今回は神世七代の四代目の神々、冒頭から数えて十番目の角杙神(ツノグヒの神)と十一番目の神となると活杙神(イクグヒの神)についてです。

※連載記事ですが、単独でも支障なくお読み頂けます。初回はこちら
※神世七代の一代目(国之常立神)から読まれる方は、こちら「通読⑲」からどうぞ。
※神世七代のひとつ前、三代目(宇比地迩神と須比智迩神)はこちら「通読㉕」からどうぞ。

■食料採取空間の誕生

皇子 神世七代の第四代は、角杙神(ツノグヒの神)と活杙神(イクグヒの神)で、ともに杙神(クヒの神)なんだよね。

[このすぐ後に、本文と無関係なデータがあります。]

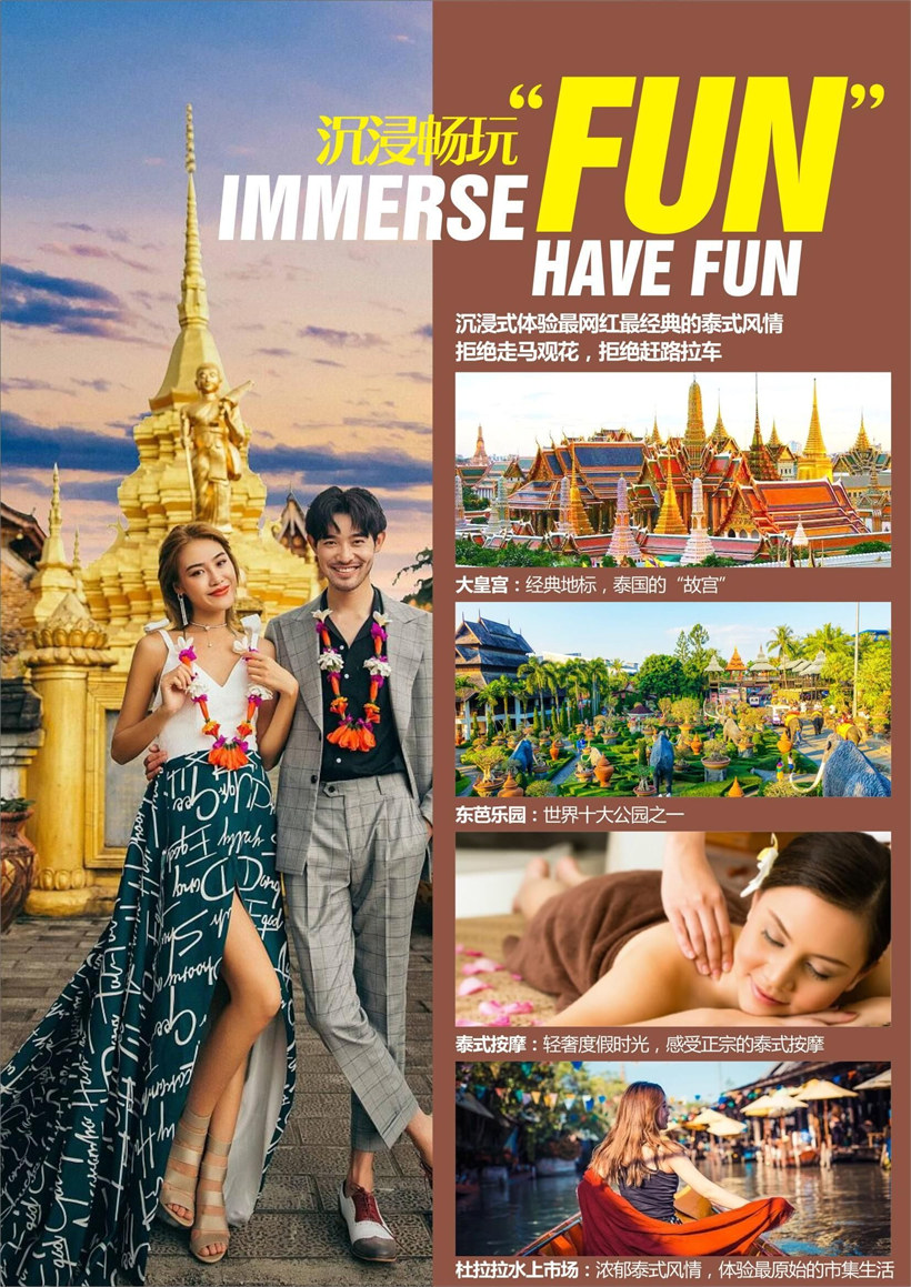 【杜拉拉水上市场】(40分钟左右)泰国的四合镇水乡独具当地的特色,这里生活的是水上民居,他们居住在泰 式木屋中,河道弯曲,,泛舟水上,感受曲折中的无限魅力。在河岸的边上,您会看到很多的设铺摆摊、这就是 我们所称为的位于水道中央的水上市场,这里琳琅满目,您在此可观赏到泰国传统的的民族舞,婉转的笙歌,独 特的场景,在这里还有很多小吃,色泽可谓五颜六色,绚丽缤纷,老板的叫卖声吸引顾客前去。

阿礼 はい。角杙神(ツノグヒの神)は、角(コーナー)に立てて領域を表す杙(くい=杭)の神でいらっしゃいます。活杙神(イクグヒの神)は、動きによって働く杙の神でいらっしゃいます。
 第三代で、耕作地や神殿や宮殿の建築用地や焼き物のための特別な土ができましたから、その場所を他の土地と区分する必要があります。また、耕作や建築や焼き物の制作には道具が必要になります。区分される特別な場所と、そこで働く道具の組合せが神世七代の第四代なのです。

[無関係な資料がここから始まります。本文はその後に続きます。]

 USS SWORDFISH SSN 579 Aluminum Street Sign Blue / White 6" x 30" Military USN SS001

           ※      ※      ※

現在では、縄文晩期には水田があったことが、佐賀県菜畑遺跡などの発掘からわかっています。それらの遺跡では、居住地と水田との境界に杭列が発見されています。

耕作地としての特別な土が用意され、それを受けて、その土地が特別な土地として区分されることを角杙神(つのぐひの神)が表象していると考えるのは自然であると思われます。

続く活杙神(いくぐひの神)ですが、角杙(つのぐひ)が区域の榜示機能としての杙の表象であるのに対して、杙の指標以外の機能の表象であるものと考えられます。

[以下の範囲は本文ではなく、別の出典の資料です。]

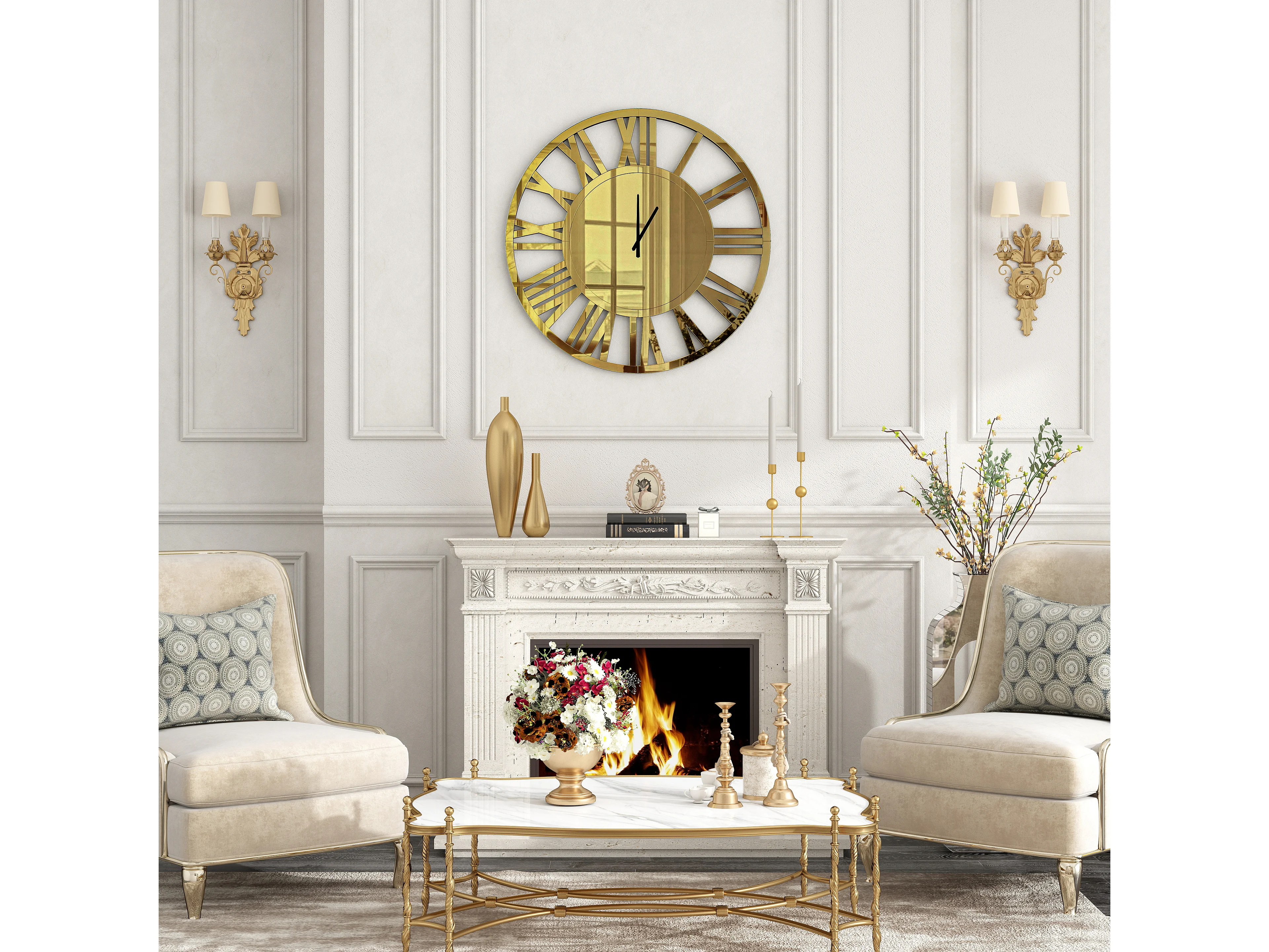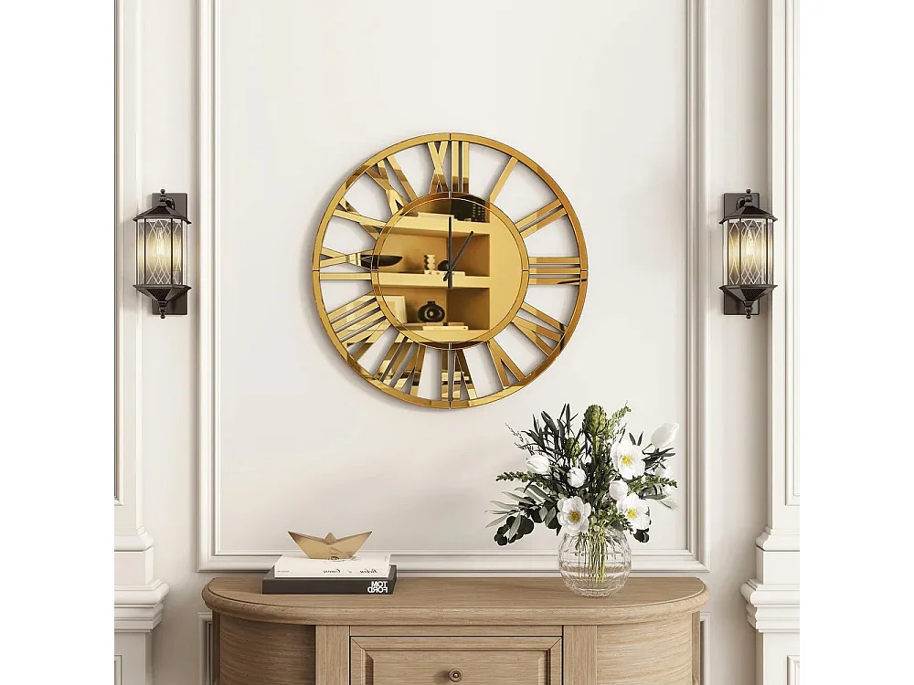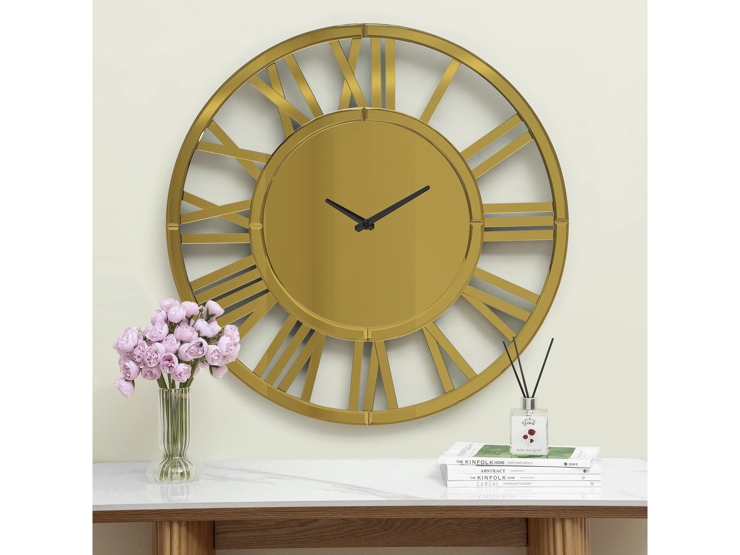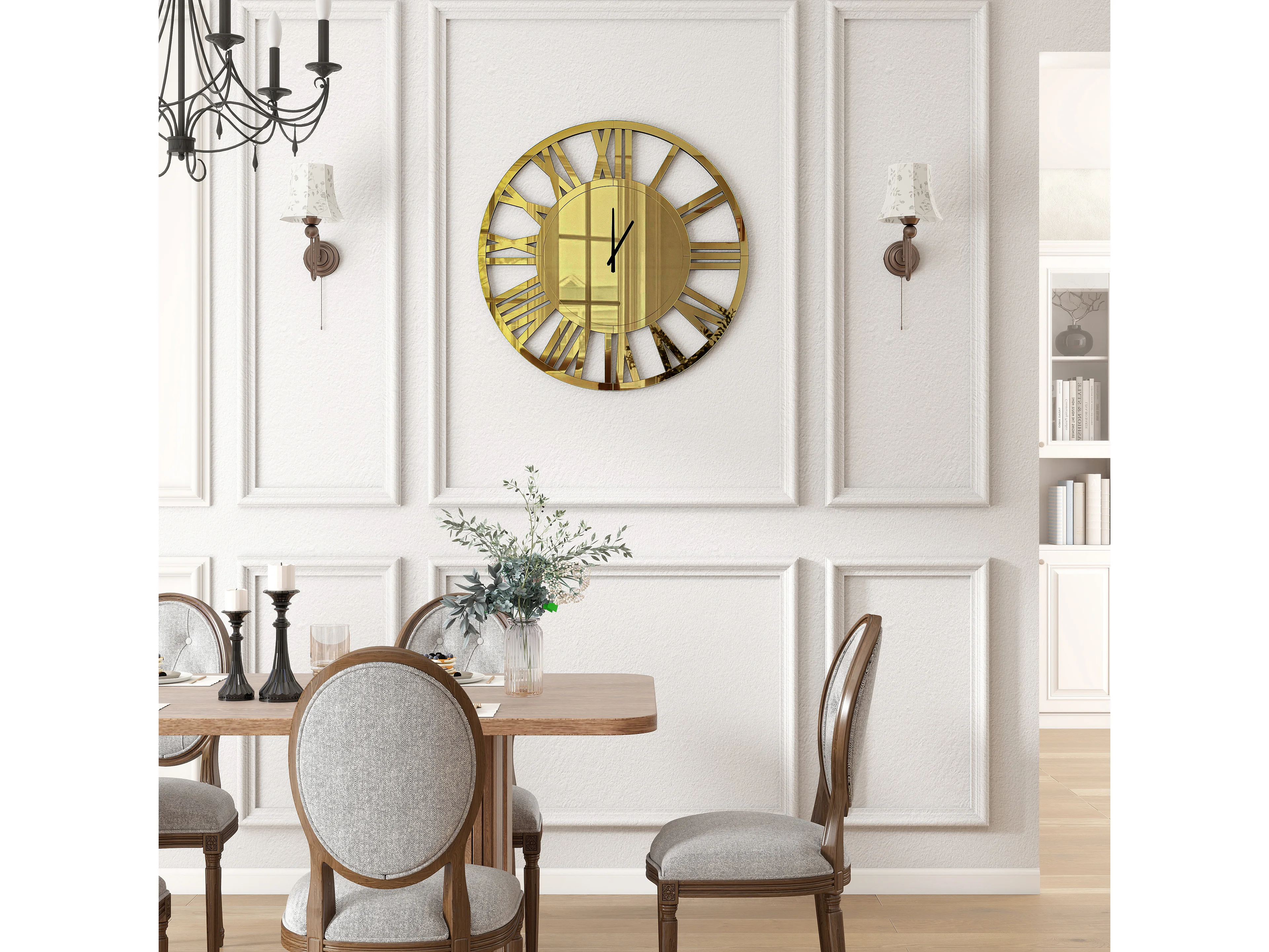 Horloge murale ronde contemporaine en verre, design élégant, MDF et verre, doré (80x3.4x80cm)

それは、耕作の道具としての機能であると同時に、漁/猟の道具としての機能をも表象しているのではないでしょうか。

 例えば、『万葉集』に、

もののふの八十(やそ)氏(うぢ)河(がは)の網代木(あじろぎ)に いさよふ波の行方知らずも
〔万葉集巻三 二六四〕
#[歌意]戦場で戦った多くの武士たちやその氏族は、宇治川の網代が掛けられた杭に寄せ漂う波のように行く末がわからない

と詠まれているように、上代には杙に網代をかけ、魚を捕る網代漁が盛んに行われていました。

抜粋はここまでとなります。